As I try to figure out what I want in a man, I find myself questioning whether or not I am even fit to have a full-time partner.  I knew I wasn’t “fit” to be a parent, knowing full well that my being mercurial, prone to delve into all-consuming creative projects, and a bit scatterbrained would not make me Mother of the Year.  But, it has come as a bit of a surprise that I am not “fit” to be someone’s girlfriend. Maybe, I haven’t found the right man.  That’s what my friends say–my married friends.  My single friends are more realistic and talk about not wanting to give up their independence or the television remote control.

I think I’m a free spirit, but I know I loved being married, and I love being loved.  I love waking up in the middle of the night and snuggling up against a partner.  And, though I love a lot about my life now, I miss being a Mrs.

And, I’m not asking for much!  I just want a tall, devastatingly handsome man of unusually brilliant wit, one who likes old B&W movies, great wine and gourmet food, and everything about, well, me.  I want an elegant, sexy man with a florist on speed dial, a well-used passport, and a quick hand when the bill comes.  Most importantly, I want someone tolerant of my liberal ways.

My mother taught me not to talk politics, but if you’re reading this blog, you already know I’m a yellow-dog Democrat, slightly to the left of the late Senator Paul Simon, Ann Richards, Ted Kennedy, and Barbara Jordan.  There are lots of men out there willing to overlook my advancing age, a few extra pounds, my dependence on cookbooks and pizza delivery services, and even my aversion to house cats.  But, when it comes to politics, it’s hard to find a blue man on the dating scene in a red state.

There are a lot of Republican men out there, and they are angry!  Their wives have left them after years of marriage.  They are doing their own cooking and laundry, and they are surprised that the conservative churches that embraced them as part of a couple suddenly find them dangerous as footloose divorced guys.   And, when they find themselves attracted to the likes of card-carrying ACLU members, who believe in a woman’s right to all forms of birth control, it’s confusing! I try to keep an open mind, but, frankly, a lot of my dating experiences have reinforced stereotypes about Republicans.

The guy who said he hoped Romney would win so we could “take our country back,” butt-dialed me while he was on a date with another woman.  (Associated stereotype: Republicans are deceptive cheaters.)  A conservative guy last week explained that his neighborhood had “fewer Jews and gays, so a lot of people like us” moved there. (Associated stereotype: Republicans are homophobic anti-Semites.)   And, a Republican who yelled expletives at a driver who stole his parking place admitted that he would never go to France because “those people hate us.” (Associated stereotype: Republicans are xenophobic.)  Proving to me that some Republicans are interested only in money, a recent affluent date invited me to lunch and then suggested we split a meal–a very, very small sandwich.  I wanted to say, “Have you seen my ass?  Does it look like the butt of a woman who splits lunch?”  Other Republicans I have known and not loved have been blatantly racist, misogynistic, violent, and just downright mean. Likewise, I’m sure I’ve personified each of their stereotypes about bleeding-heart Democrats.

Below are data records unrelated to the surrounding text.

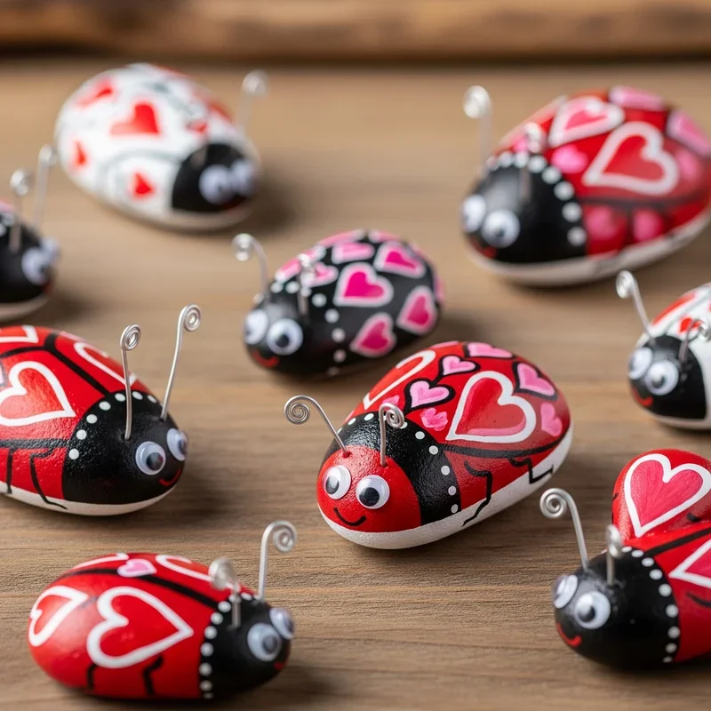 Transform smooth stones into adorable love bugs that spread smiles wherever they're placed! Paint rocks red or pink, adding black dots for ladybug designs or stripes for bee variations themed around love. Use permanent markers for faces and messages like "Bee Mine" or "Love Bug" that play on insect puns. These weather-resistant decorations work indoors on shelves or outdoors in gardens, providing year-round reminders of February creativity. Hide painted rocks around communities for others to find, spreading joy beyond your immediate circle during dreary winter days. The solid nature of rocks makes them perfect for younger crafters who might struggle with delicate materials. Create families of love bugs in various sizes for charming groupings that tell stories without words.
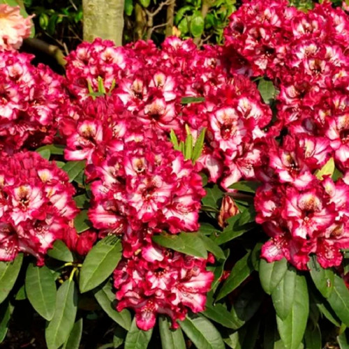 Рододендрон «Пайнтед Пурпл» (Rhododendron 'Painted Purple') – эффектный вечнозеленый кустарник, который ценится за крупные пурпурные соцветия и густую декоративную листву. Это компактное растение достигает высоты 1 м при диаметре кроны 1,2-1,8 м. Листья кожистые, эллиптические, длиной 8-12 см, темно-зеленые с глянцевой поверхностью. Главная особенность сорта – крупные куполообразные соцветия диаметром 15-20 см, состоящие из 12-18 колокольчатых цветков насыщенного пурпурно-фиолетового цвета с золотистыми тычинками. Цветение обильное, продолжительное, наступает в мае-июне и длится 3-4 недели.
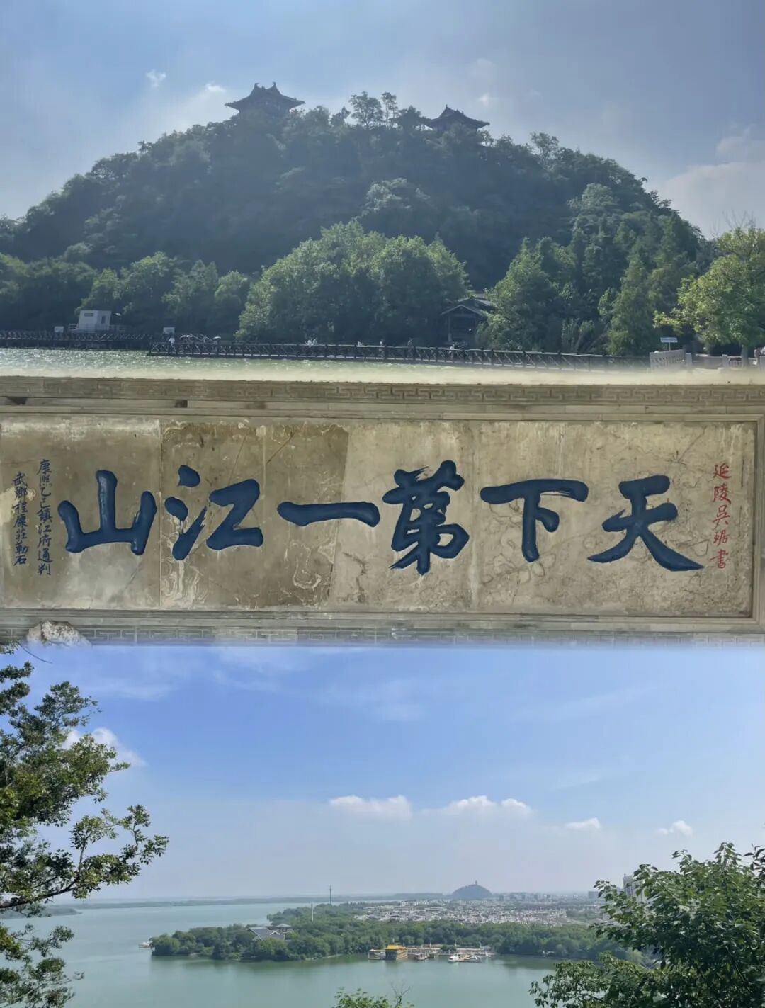 踏入北固山景区,仿若踏入了一部厚重的历史典籍。沿着蜿蜒的山路前行,首先邂逅的便是那赫赫有名的 “天下第一江山” 石刻。

Still, I just want a good boyfriend, which means I don’t want a man I’m having a glass of wine with in a dark corner of a romantic restaurant to go into a 20-minute tirade about abortion’s being wrong even in cases or rape and incest with stanzas ending with the question, “So, you’d just kill the baby?”  That’s not much to ask, right?

A friend of mine suggested I give up hope of finding the perfect man for me. “Rich hippies,” he explained, “just don’t exist.  The guys hanging out with Occupy Dallas can’t pay for your opera tickets.”   I told him he was wrong.  I told him he was stereotyping me.  Then, I let him pick up the check, which he always does.  (Associated stereotypes: Republicans have more money than Democrats, and Democrats are freeloaders.) 

I know, though, that he could be right.  It might just be true that I am, indeed, too liberal to love.